Witchcraft in Popular Culture – Plays/Musicals
Macbeth
The Three Witches (or Weird Sisters) appear in William Shakespeare’s play “Macbeth”, written between 1603 and 1606. They inform Macbeth that he is destined to be king, and although they help him gain the throne by urging him towards bloody, ambitious acts and showing him visions of his fate, their guidance ultimately leads to his destruction. They are depicted as old hags cackling over a bubbling cauldron (“Double, double toil and trouble; Fire burn, and caldron bubble”), and commanded by the witch goddess Hecate. Shakespeare probably based them on the descriptions in Raphael Holinshed’s 1577 history of Britain, Scotland, and Ireland, “Chronicles”, and some sections were later incorporated directly from Thomas Middleton’s play, “The Witch”.
The Witch
A tragi-comedy written by the Jacobean playwright Thomas Middleton sometime between 1609 and 1616, but not published until 1778. Middleton’s primary source for material on witches was the “Discovery of Witchcraft” by Reginald Scot (1584), from which the playwright drew invocations, demons‘ names and potion ingredients. Shakespeare later incorporated some sections of it directly into his “Macbeth”.
The Witch of Edmonton
A Jacobean play jointly written by William Rowley, Thomas Dekker and John Ford in 1621, based on supposedly real-life events that took place in the village of Edmonton (outside London) earlier in the year. The play depicts Elizabeth Sawyer, an old woman shunned by her neighbours, who gets revenge by selling her soul to the Devil, who appears to her in the shape of a black dog.
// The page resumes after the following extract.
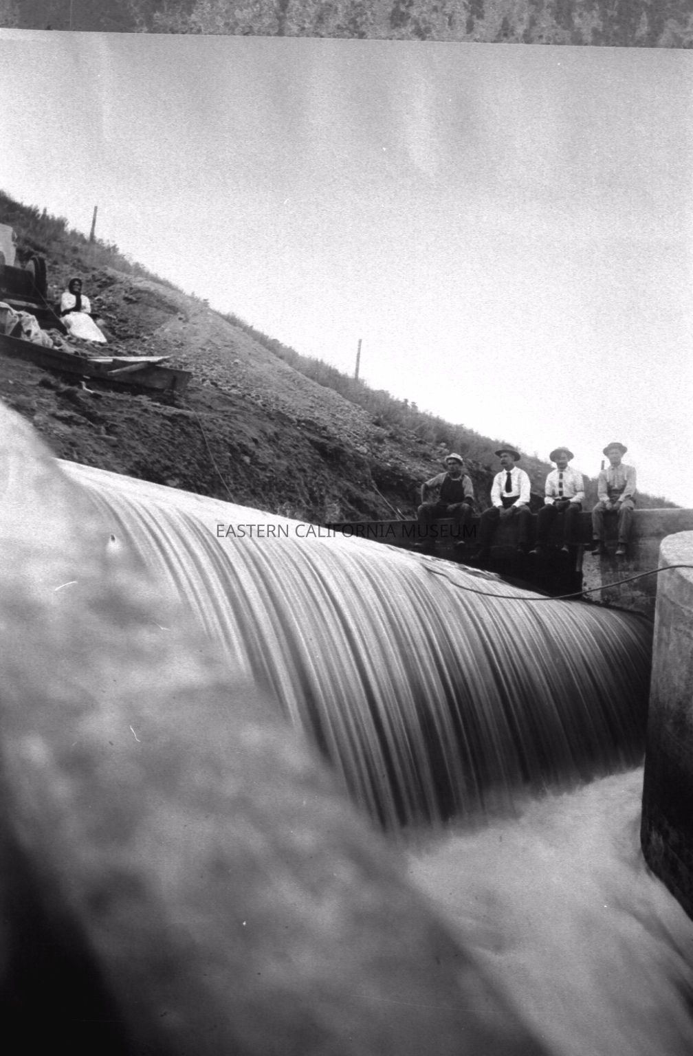B & W digital scan of people watching water flow over a Weir-like structure associated with LA Aqueduct Construction.

The Late Lancashire Witches
An English Renaissance stage play, written by Thomas Heywood and Richard Brome, published in 1634. The play is a topical melodrama on the subject of the witchcraft controversy that arose in Lancashire in 1633 (the Pendle Witch Trials). The outcome of the trials was still in doubt at the time the play was first produced. Thomas Shadwell later borrowed from the Heywood/Brome work for his own play, “The Lancashire Witches”, in 1681.
The Crucible
A critically acclaimed 1954 play by the American playwright Arthur Miller based on the events of 1692 which led to the Salem Witch Trials in colonial Massachusetts. Written at the height of the anti-Communist hysteria of McCarthyism in the early 1950s, the play is often considered to be at least partly allegorical. It has been adapted for film twice, by Jean-Paul Sartre as the 1957 film “Les Sorcières de Salem” and by Miller himself as the 1996 film “The Crucible”, as well as a 1962 opera by Robert Ward.
Which Witch
A stage musical written by Norwegian singer/composers Benedicte Adrian and Ingrid Bjørnov, originally staged in Norway in 1987, but since successfully transferred to London’s West End and several other countries. The storyline, set in Rome and Heidelberg in the 16th Century, was apparently found in the witchfinder’s manual “Malleus Maleficarum”, and revolves around the false accusations of witchcraft by a jilted lover and the subsequent trial. “Which Witch?” was also coincidentally the name of a 1970s children’s board game.
Wicked
A popular Broadway musical which premiered in 2003 based on by Gregory Maguire’s 1995 novel of the name name. Sub-titled “The Life and Times of the Wicked Witch of the West”, Wicked presents a revisionist look at the land and characters of Oz, including Elphaba (the misunderstood green-skinned girl who grows up to become the infamous Wicked Witch of the West) and Galinda (later known as Glinda, Elphaba’s roommate at Shiz University).